_TO DO_: Please transcribe exactly the lines from the line holding "Majestic meets modern" through the end of the data below, and skip any pictures.

_EXERCISE MATERIAL_:
╭──
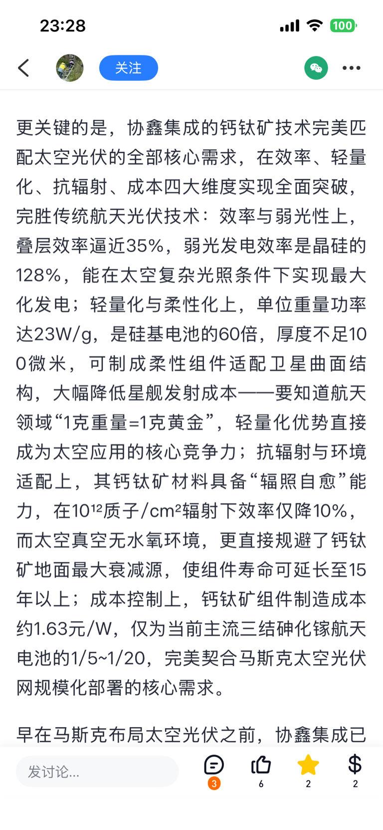 $协鑫集成(SZ002506)$ 协鑫集成:1、实锤:与老马有合作意向;2、全球光伏“黑科技”龙头:钙钛矿组件“高效超轻超薄超柔软可弯曲”,特别是成本是三结砷化镓的1/20!3、全球光伏“皇冠明珠”!“太空光伏”光电转换效率最高!
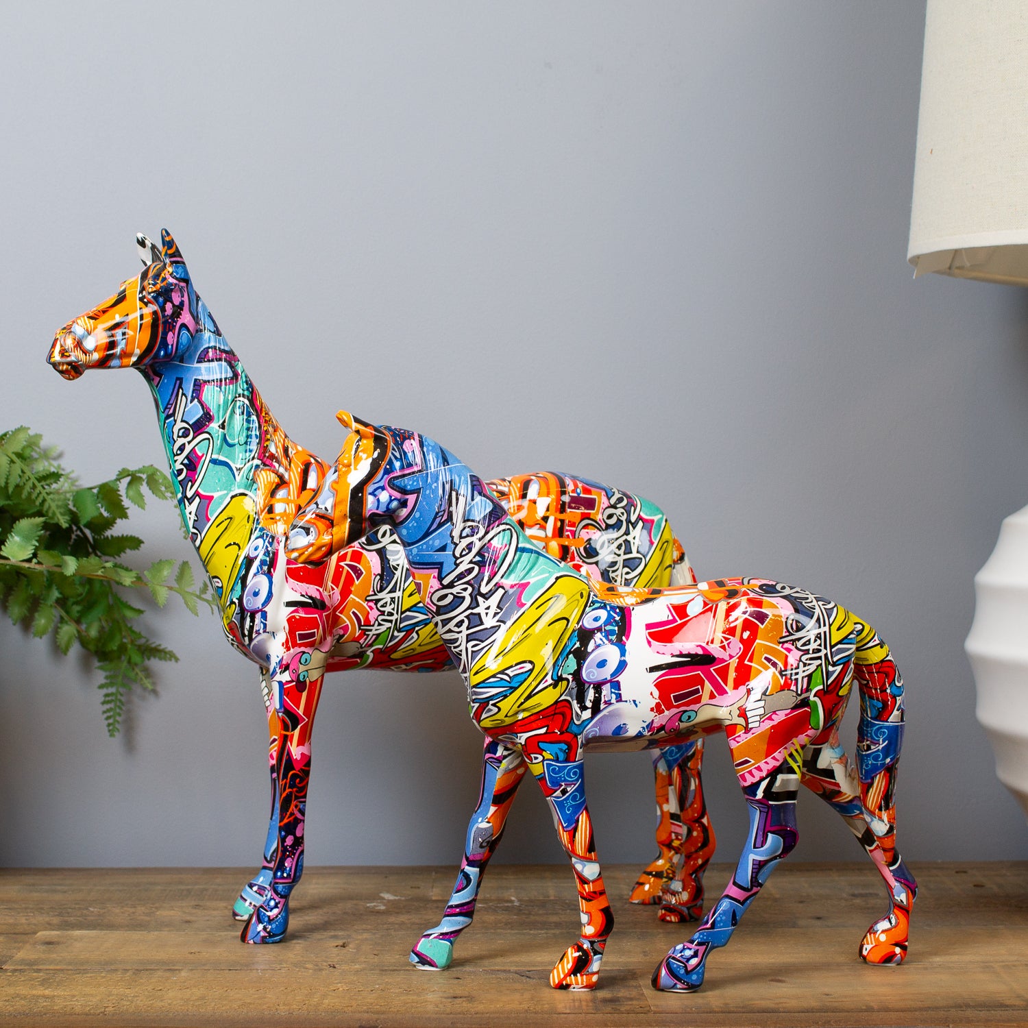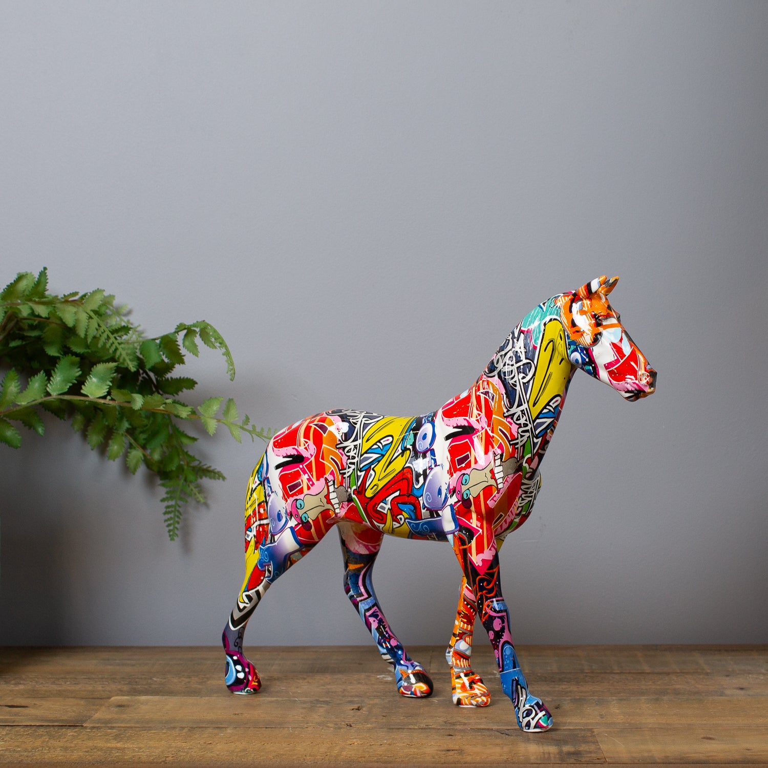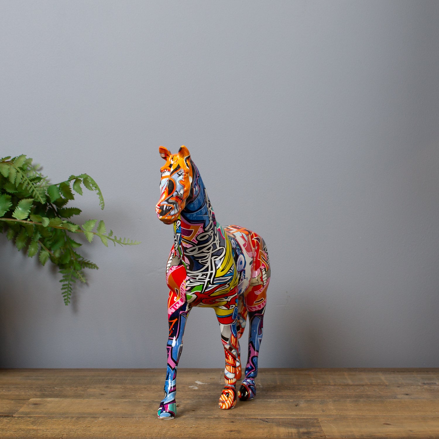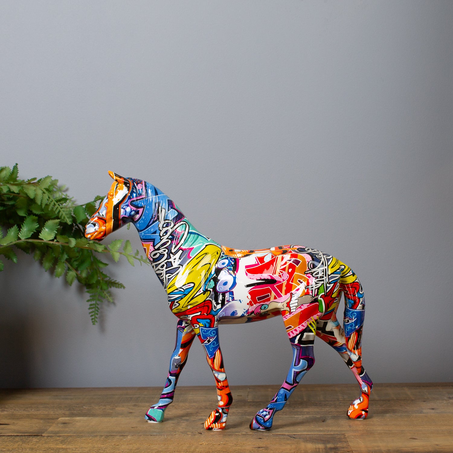 Majestic meets modern in our Graffiti Horse Ornament. This striking piece takes the elegance of equine sculpture and reinvents it with a high-gloss graffiti print bursting with bold colour and street-art style.
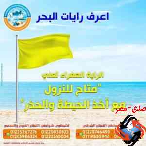 رفع الراية الصفراء تعني إن حالة البحر غير مستقرة نسبيا وتسمح بالنزول ولكن مع أخذ الحيطة الحذر.
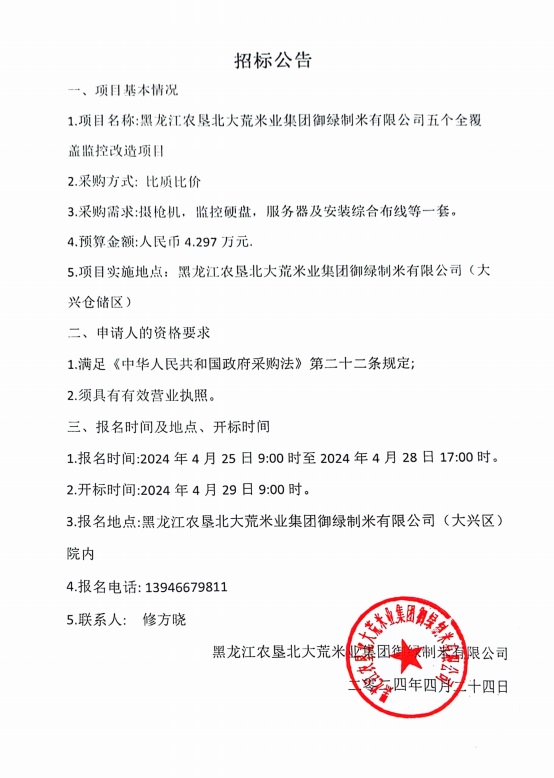 北大荒米業(yè)御綠公司五個(gè)全覆蓋監(jiān)控改造項(xiàng)目招標(biāo)公告
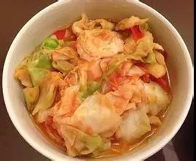 1、先將番茄用開水稍燙,去皮切塊;圓白菜洗凈切片;
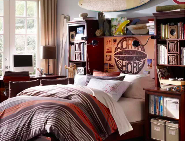 ▲十几岁男孩子的房间,很多都用到了黑色、棕色或者蓝色,尝试用鲜艳一点的颜色其实也挺好的。
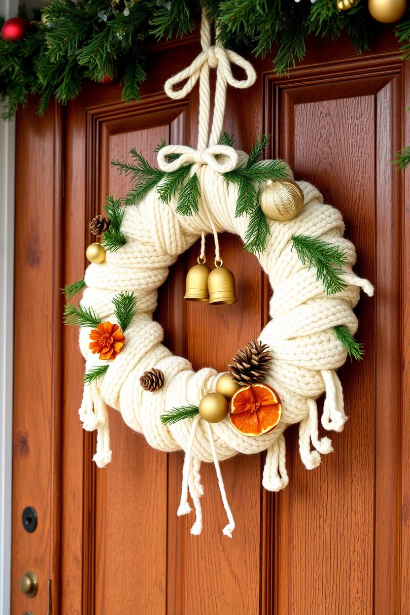 Hang yarn wreaths, stars, or candy canes on doors and windows to welcome guests with cheerful vibes. -
╰──
_ANSWER AREA_:
 Majestic meets modern in our Graffiti Horse Ornament. This striking piece takes the elegance of equine sculpture and reinvents it with a high-gloss graffiti print bursting with bold colour and street-art style.
 رفع الراية الصفراء تعني إن حالة البحر غير مستقرة نسبيا وتسمح بالنزول ولكن مع أخذ الحيطة الحذر.
 北大荒米業(yè)御綠公司五個(gè)全覆蓋監(jiān)控改造項(xiàng)目招標(biāo)公告
 1、先將番茄用開水稍燙,去皮切塊;圓白菜洗凈切片;
 ▲十几岁男孩子的房间,很多都用到了黑色、棕色或者蓝色,尝试用鲜艳一点的颜色其实也挺好的。
 Hang yarn wreaths, stars, or candy canes on doors and windows to welcome guests with cheerful vibes. -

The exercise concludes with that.